• _Brief_: Transcribe exactly the lines from the top of the records below through the line that holds "Students learned to", both included, with no pictures.

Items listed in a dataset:
★ ★ ★ ★
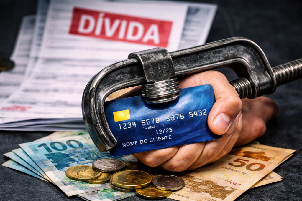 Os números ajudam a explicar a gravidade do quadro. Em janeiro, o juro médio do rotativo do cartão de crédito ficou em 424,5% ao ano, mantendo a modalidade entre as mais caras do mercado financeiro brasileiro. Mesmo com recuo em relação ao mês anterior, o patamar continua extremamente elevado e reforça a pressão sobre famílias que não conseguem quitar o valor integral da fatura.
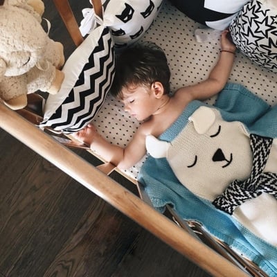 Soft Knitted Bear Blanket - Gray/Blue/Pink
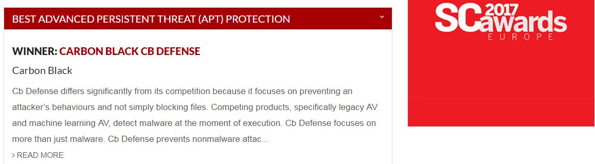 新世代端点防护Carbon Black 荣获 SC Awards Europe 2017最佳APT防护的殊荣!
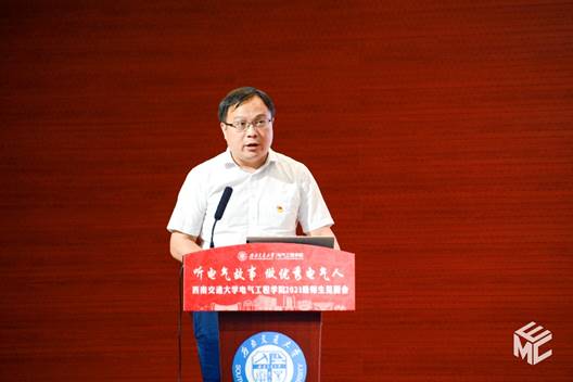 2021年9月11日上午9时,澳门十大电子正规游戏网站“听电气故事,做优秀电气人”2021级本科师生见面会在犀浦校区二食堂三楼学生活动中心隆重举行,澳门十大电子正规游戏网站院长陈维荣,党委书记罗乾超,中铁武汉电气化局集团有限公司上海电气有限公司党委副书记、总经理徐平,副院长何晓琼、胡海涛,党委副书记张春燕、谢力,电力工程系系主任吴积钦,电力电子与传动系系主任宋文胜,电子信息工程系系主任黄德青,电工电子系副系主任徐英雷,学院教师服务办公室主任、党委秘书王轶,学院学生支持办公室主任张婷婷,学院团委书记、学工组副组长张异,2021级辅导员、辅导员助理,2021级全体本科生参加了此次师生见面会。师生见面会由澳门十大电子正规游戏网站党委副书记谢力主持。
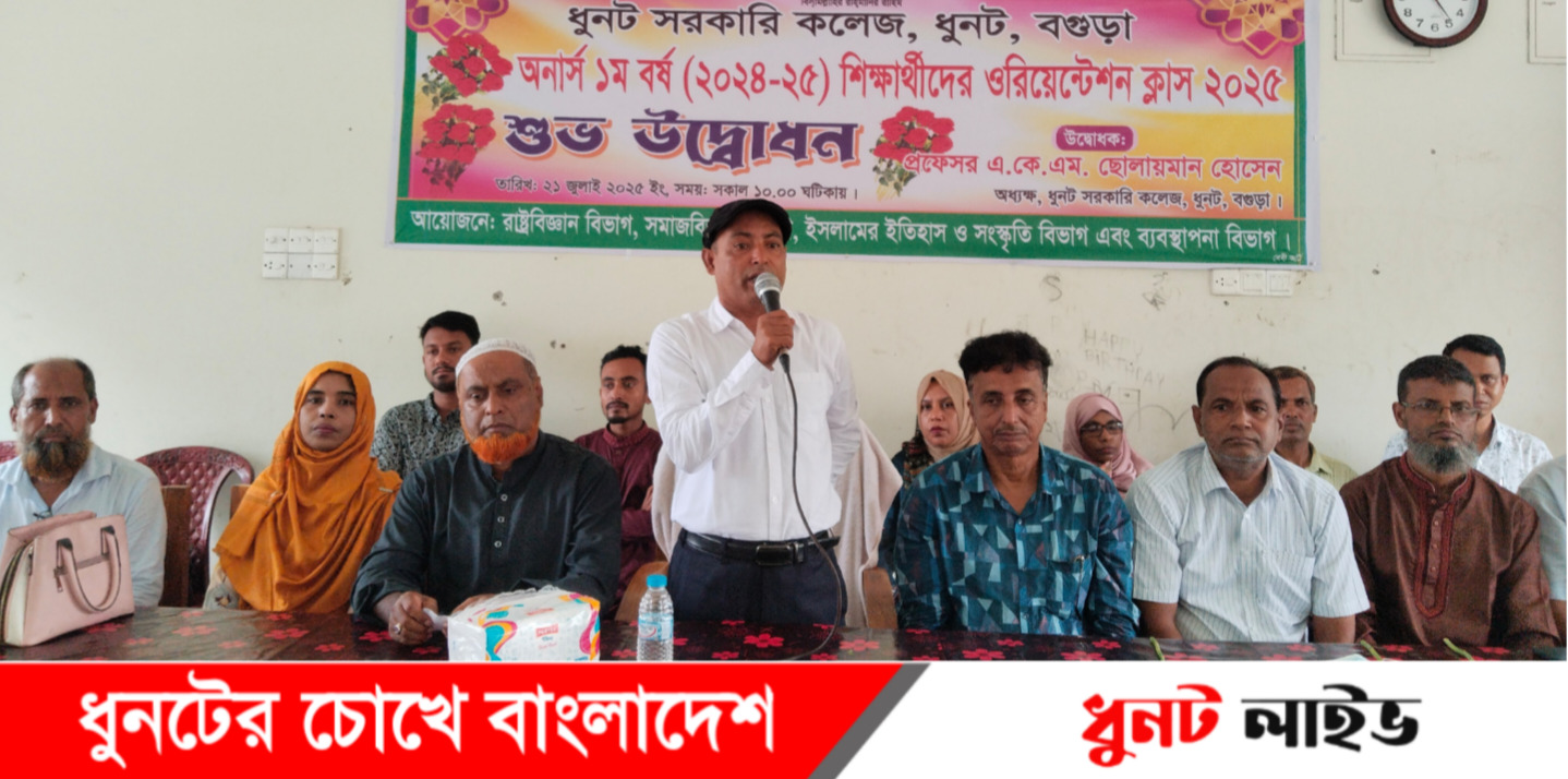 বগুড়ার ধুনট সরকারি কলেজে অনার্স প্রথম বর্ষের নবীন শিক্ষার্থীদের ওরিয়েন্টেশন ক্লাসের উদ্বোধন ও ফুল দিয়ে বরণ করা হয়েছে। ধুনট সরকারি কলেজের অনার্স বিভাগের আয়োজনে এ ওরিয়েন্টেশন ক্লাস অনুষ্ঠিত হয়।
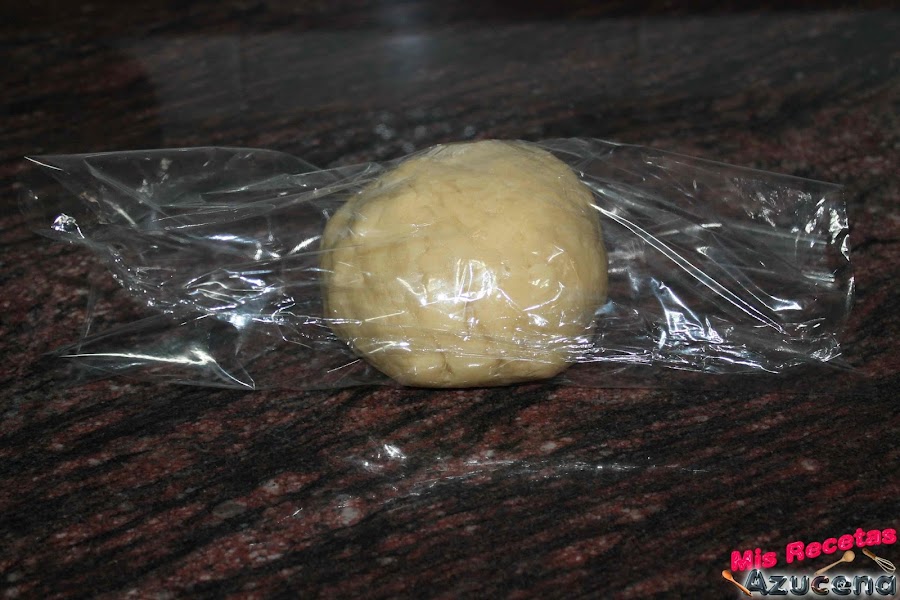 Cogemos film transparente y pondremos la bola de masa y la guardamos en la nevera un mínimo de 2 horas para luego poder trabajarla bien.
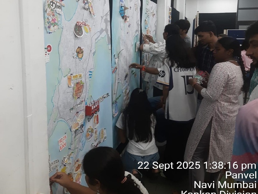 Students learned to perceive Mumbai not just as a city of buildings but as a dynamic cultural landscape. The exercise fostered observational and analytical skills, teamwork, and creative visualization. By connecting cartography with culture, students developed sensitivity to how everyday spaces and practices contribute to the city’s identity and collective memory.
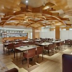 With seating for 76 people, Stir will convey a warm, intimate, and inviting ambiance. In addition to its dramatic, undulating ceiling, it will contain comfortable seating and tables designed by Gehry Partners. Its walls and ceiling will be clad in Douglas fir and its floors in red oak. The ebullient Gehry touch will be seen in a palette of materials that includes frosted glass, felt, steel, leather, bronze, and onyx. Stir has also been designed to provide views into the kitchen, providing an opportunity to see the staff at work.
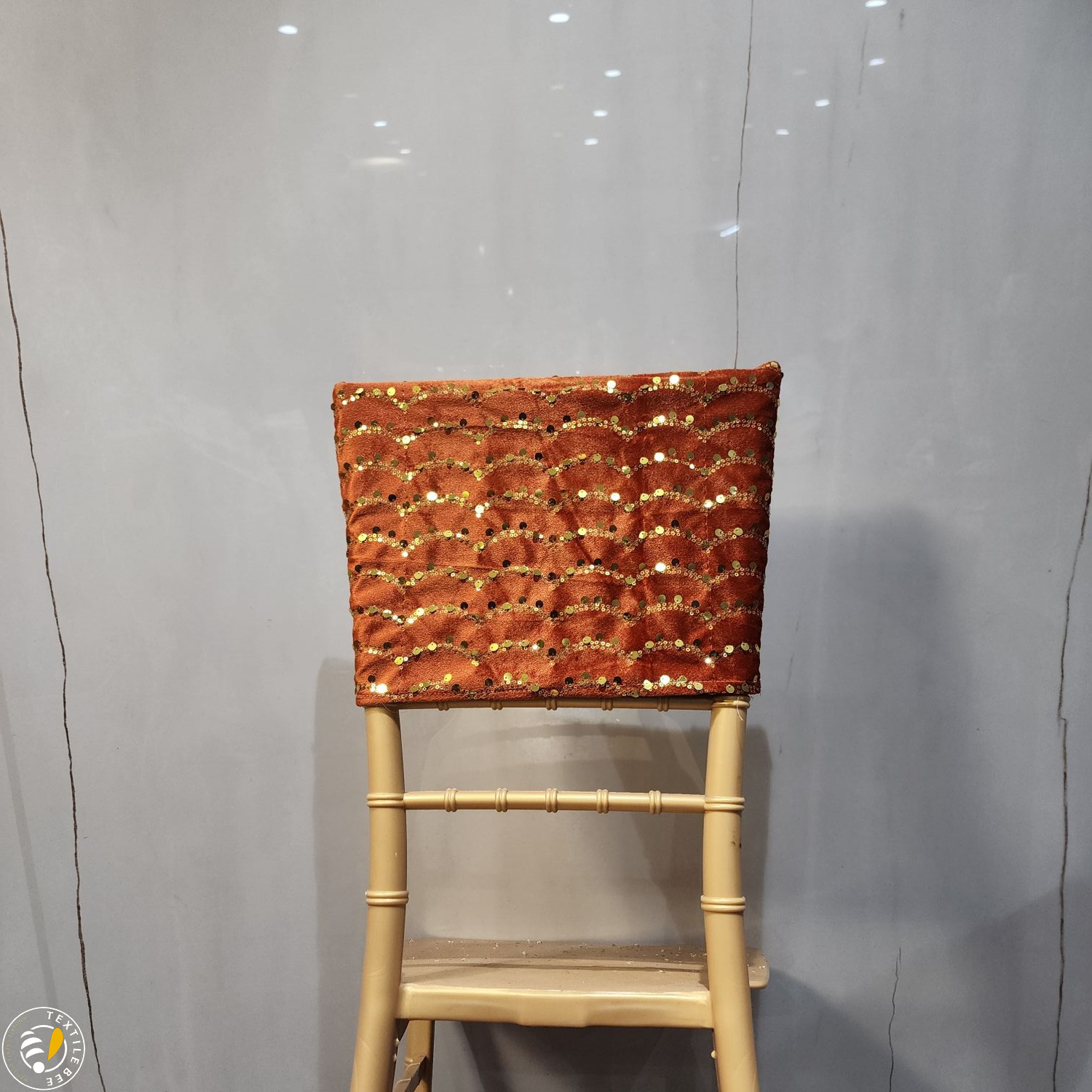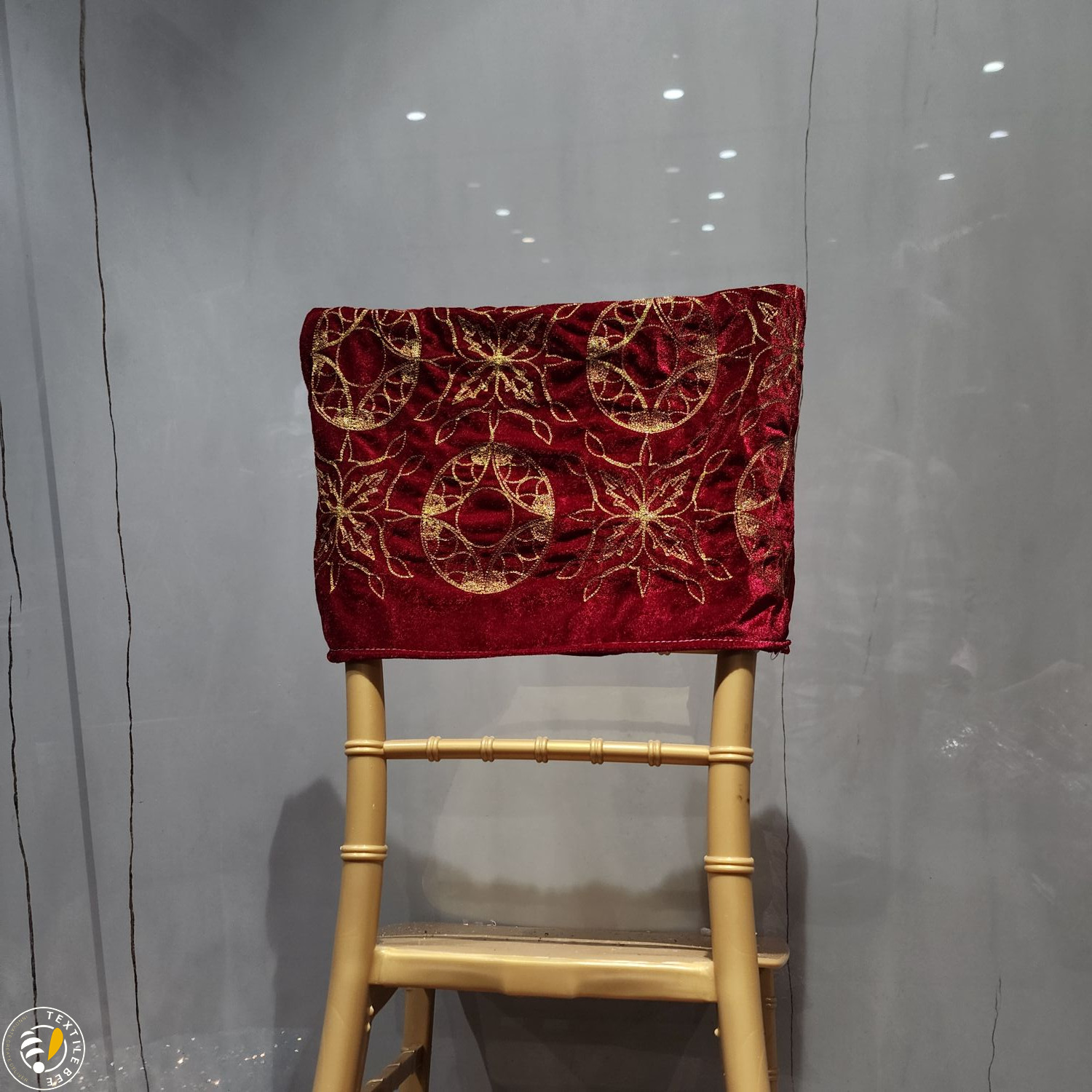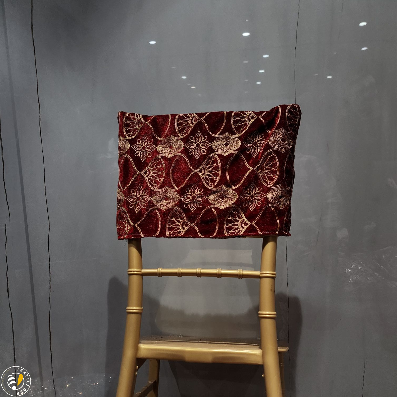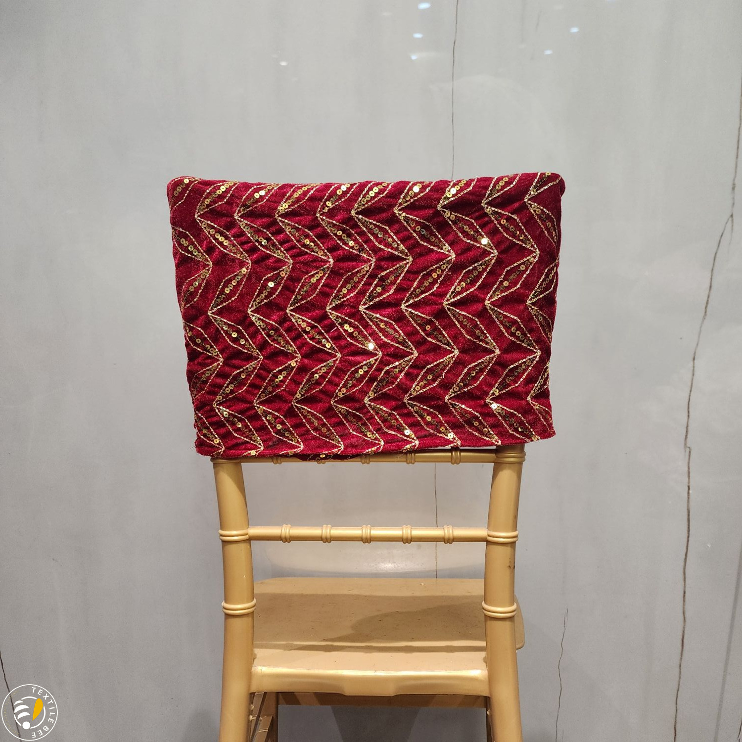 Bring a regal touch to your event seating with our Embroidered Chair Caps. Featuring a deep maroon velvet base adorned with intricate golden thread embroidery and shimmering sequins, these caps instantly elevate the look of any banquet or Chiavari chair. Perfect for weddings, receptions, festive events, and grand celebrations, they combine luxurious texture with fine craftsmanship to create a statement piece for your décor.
★ ★ ★ ★
• _Response for this exercise_:
 Os números ajudam a explicar a gravidade do quadro. Em janeiro, o juro médio do rotativo do cartão de crédito ficou em 424,5% ao ano, mantendo a modalidade entre as mais caras do mercado financeiro brasileiro. Mesmo com recuo em relação ao mês anterior, o patamar continua extremamente elevado e reforça a pressão sobre famílias que não conseguem quitar o valor integral da fatura.
 Soft Knitted Bear Blanket - Gray/Blue/Pink
 新世代端点防护Carbon Black 荣获 SC Awards Europe 2017最佳APT防护的殊荣!
 2021年9月11日上午9时,澳门十大电子正规游戏网站“听电气故事,做优秀电气人”2021级本科师生见面会在犀浦校区二食堂三楼学生活动中心隆重举行,澳门十大电子正规游戏网站院长陈维荣,党委书记罗乾超,中铁武汉电气化局集团有限公司上海电气有限公司党委副书记、总经理徐平,副院长何晓琼、胡海涛,党委副书记张春燕、谢力,电力工程系系主任吴积钦,电力电子与传动系系主任宋文胜,电子信息工程系系主任黄德青,电工电子系副系主任徐英雷,学院教师服务办公室主任、党委秘书王轶,学院学生支持办公室主任张婷婷,学院团委书记、学工组副组长张异,2021级辅导员、辅导员助理,2021级全体本科生参加了此次师生见面会。师生见面会由澳门十大电子正规游戏网站党委副书记谢力主持。
 বগুড়ার ধুনট সরকারি কলেজে অনার্স প্রথম বর্ষের নবীন শিক্ষার্থীদের ওরিয়েন্টেশন ক্লাসের উদ্বোধন ও ফুল দিয়ে বরণ করা হয়েছে। ধুনট সরকারি কলেজের অনার্স বিভাগের আয়োজনে এ ওরিয়েন্টেশন ক্লাস অনুষ্ঠিত হয়।
 Cogemos film transparente y pondremos la bola de masa y la guardamos en la nevera un mínimo de 2 horas para luego poder trabajarla bien.
 Students learned to perceive Mumbai not just as a city of buildings but as a dynamic cultural landscape. The exercise fostered observational and analytical skills, teamwork, and creative visualization. By connecting cartography with culture, students developed sensitivity to how everyday spaces and practices contribute to the city’s identity and collective memory.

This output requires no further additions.